TASK INSTRUCTIONS:
Omit every picture and return the rest of the data unaltered.

DATASET SECTION:
──────────
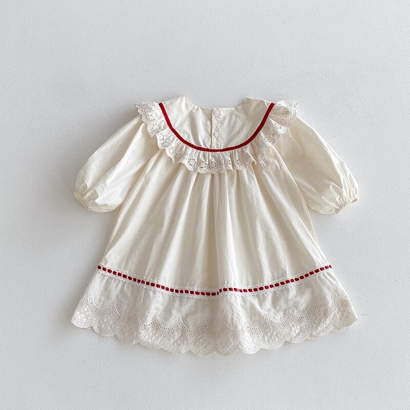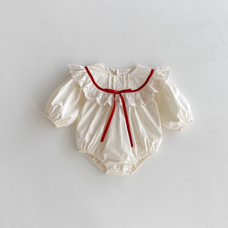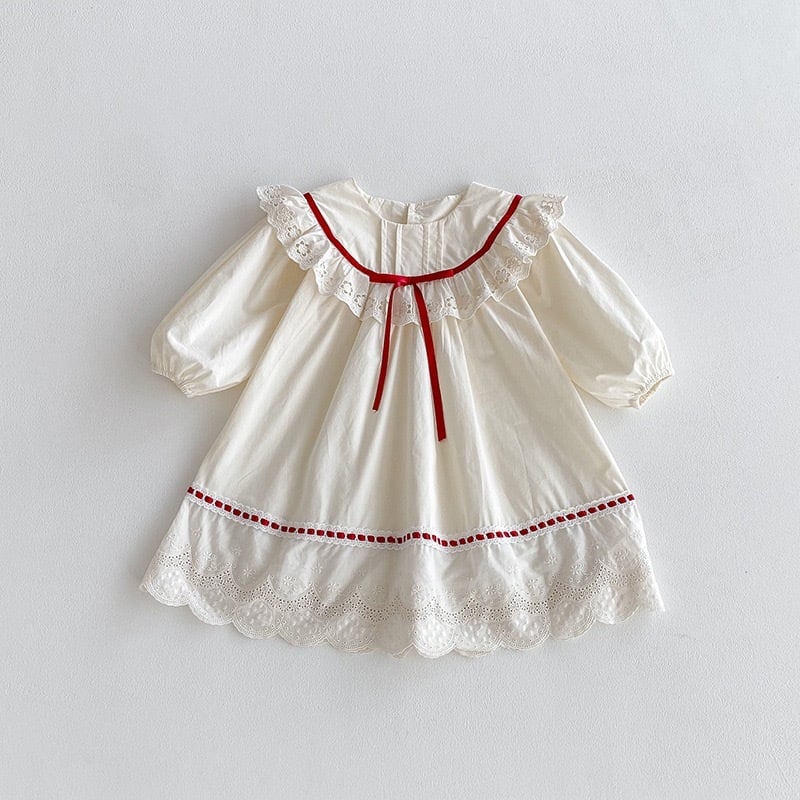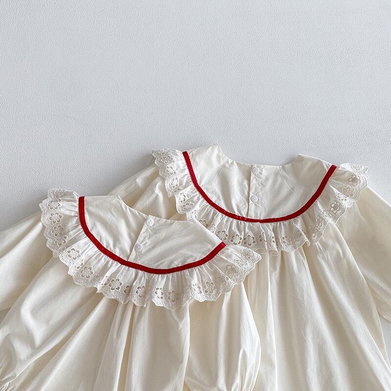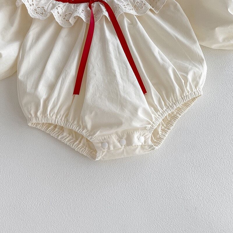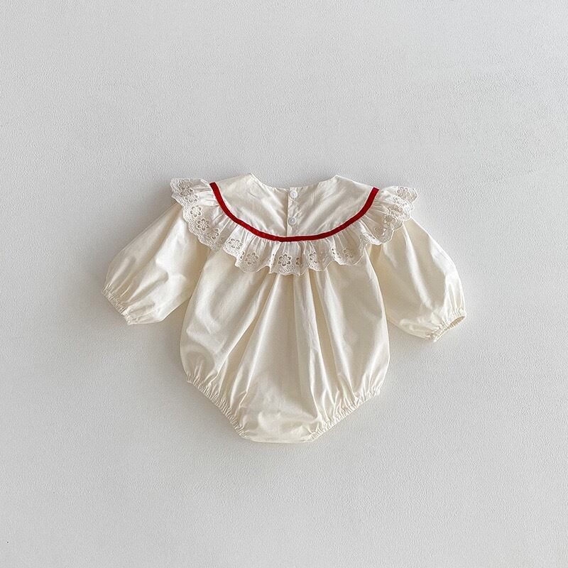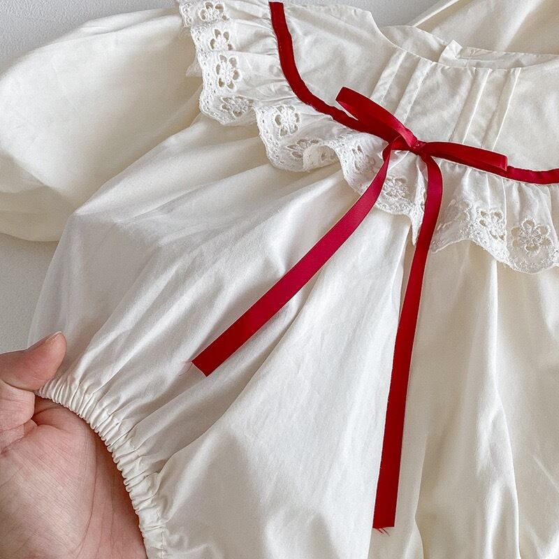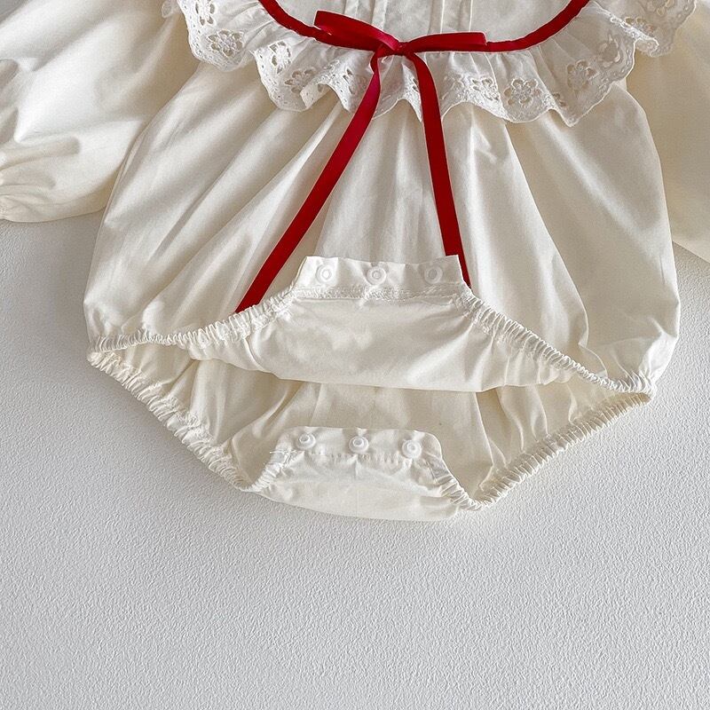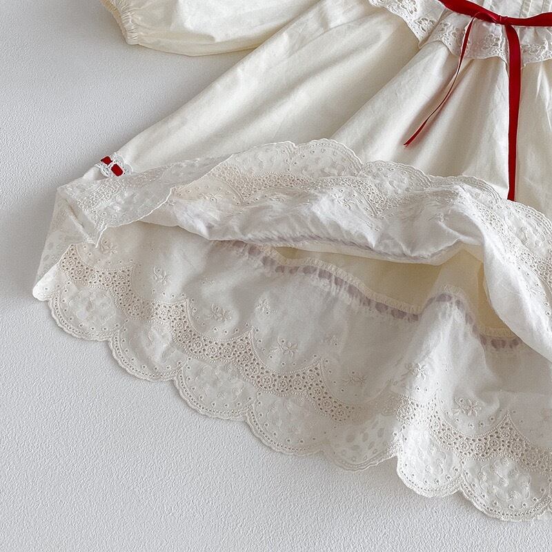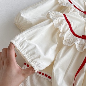 やさしいアイボリーカラーをベースに、襟元には繊細な透かし刺繍のフリルがあしらわれ、
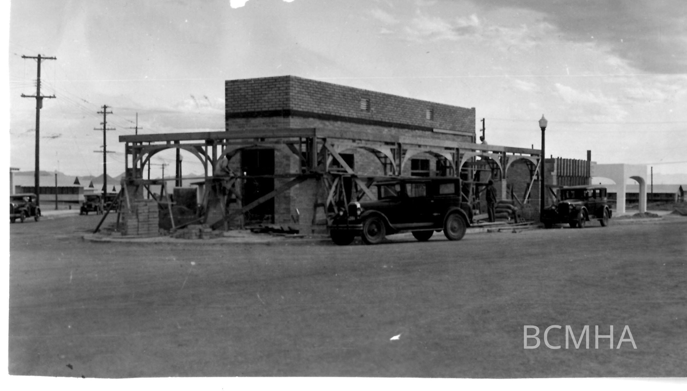 The Boulder (aka Barney Delmar's) Drugstore under construction on the corner of the NV. (Boulder) Hwy & Ave. B (left) 1932; Joe Manix photoMade/Created
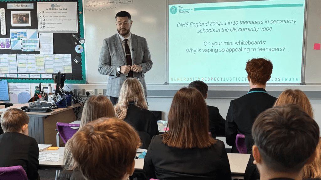 La St Lawrence Academy din Scunthorpe, Lincolnshire, personalul spune, de asemenea, că se confruntă cu o luptă pentru a preveni ca vapingul să interfereze cu orele de curs.
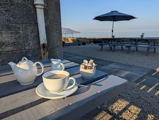 We only had drinks, so can't comment on the food. The downstairs bar was full of folk watching football (a pool table seemed to take most of the space) so we tried upstairs in the bistro/restaurant. It was half full but although okay to have just drinks we weren't offered a table and sat on sofas, which were okay. Drinks nice enough, staff polite but a strange atmosphere in there (quite rowdy and loud for a bistro) . Still half full when left so could have had a table for an hour with a little initiative shown. The only place in Whiting Bay so give it a go but I assume Saturday is not the best time for a casual...
──────────
ANSWER BELOW:
 やさしいアイボリーカラーをベースに、襟元には繊細な透かし刺繍のフリルがあしらわれ、
 The Boulder (aka Barney Delmar's) Drugstore under construction on the corner of the NV. (Boulder) Hwy & Ave. B (left) 1932; Joe Manix photoMade/Created
 La St Lawrence Academy din Scunthorpe, Lincolnshire, personalul spune, de asemenea, că se confruntă cu o luptă pentru a preveni ca vapingul să interfereze cu orele de curs.
 We only had drinks, so can't comment on the food. The downstairs bar was full of folk watching football (a pool table seemed to take most of the space) so we tried upstairs in the bistro/restaurant. It was half full but although okay to have just drinks we weren't offered a table and sat on sofas, which were okay. Drinks nice enough, staff polite but a strange atmosphere in there (quite rowdy and loud for a bistro) . Still half full when left so could have had a table for an hour with a little initiative shown. The only place in Whiting Bay so give it a go but I assume Saturday is not the best time for a casual...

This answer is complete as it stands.